Records provided:
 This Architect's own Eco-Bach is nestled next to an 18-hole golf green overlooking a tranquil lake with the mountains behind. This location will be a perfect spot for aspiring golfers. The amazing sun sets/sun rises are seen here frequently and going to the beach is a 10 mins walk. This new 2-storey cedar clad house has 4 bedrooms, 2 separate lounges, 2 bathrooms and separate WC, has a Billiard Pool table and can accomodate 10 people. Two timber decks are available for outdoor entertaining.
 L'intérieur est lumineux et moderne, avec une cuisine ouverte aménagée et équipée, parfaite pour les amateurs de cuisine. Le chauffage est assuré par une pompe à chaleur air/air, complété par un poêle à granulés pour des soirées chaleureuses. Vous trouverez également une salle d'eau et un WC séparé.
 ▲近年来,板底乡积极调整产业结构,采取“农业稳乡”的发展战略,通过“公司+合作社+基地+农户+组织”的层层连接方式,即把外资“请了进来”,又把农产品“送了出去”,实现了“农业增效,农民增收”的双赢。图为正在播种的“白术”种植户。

...

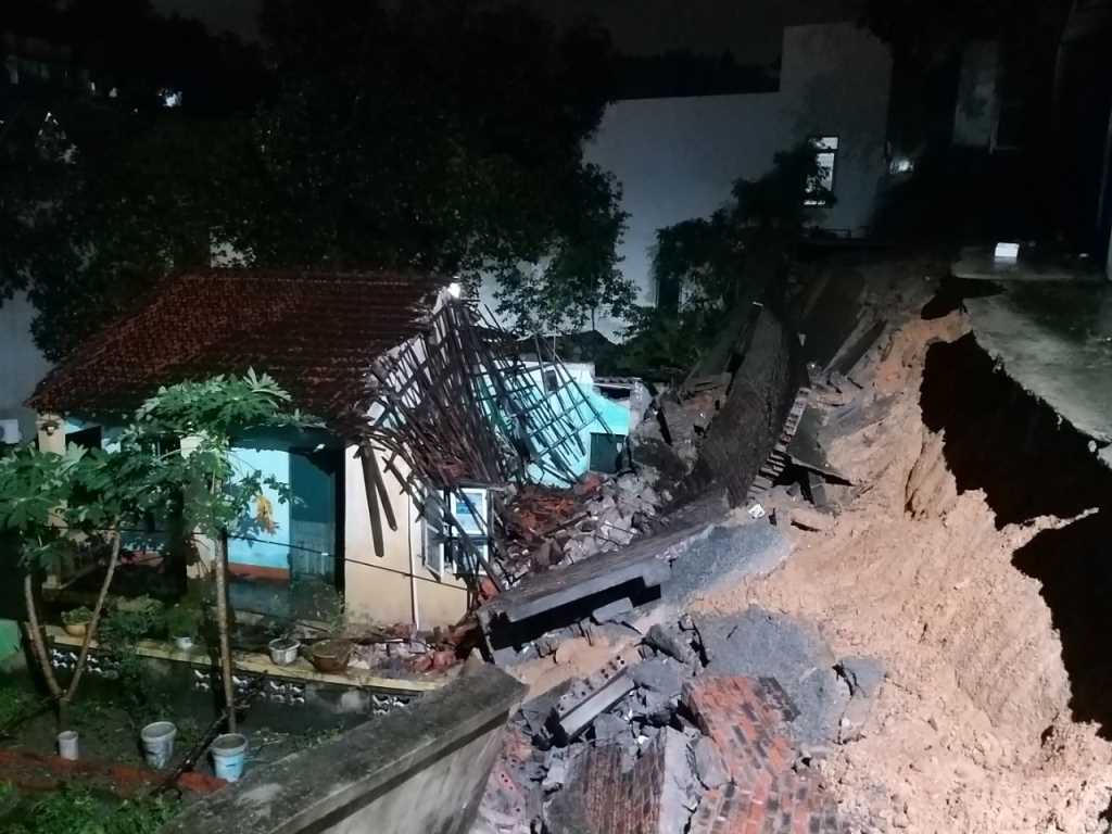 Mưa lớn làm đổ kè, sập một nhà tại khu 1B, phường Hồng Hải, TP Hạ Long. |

Your task:
Taking the entries above, print exactly the lines starting at the line with "This Architect's own" and ending at the line with "L'intérieur est lumineux", both included.

Your solution:
 This Architect's own Eco-Bach is nestled next to an 18-hole golf green overlooking a tranquil lake with the mountains behind. This location will be a perfect spot for aspiring golfers. The amazing sun sets/sun rises are seen here frequently and going to the beach is a 10 mins walk. This new 2-storey cedar clad house has 4 bedrooms, 2 separate lounges, 2 bathrooms and separate WC, has a Billiard Pool table and can accomodate 10 people. Two timber decks are available for outdoor entertaining.
 L'intérieur est lumineux et moderne, avec une cuisine ouverte aménagée et équipée, parfaite pour les amateurs de cuisine. Le chauffage est assuré par une pompe à chaleur air/air, complété par un poêle à granulés pour des soirées chaleureuses. Vous trouverez également une salle d'eau et un WC séparé.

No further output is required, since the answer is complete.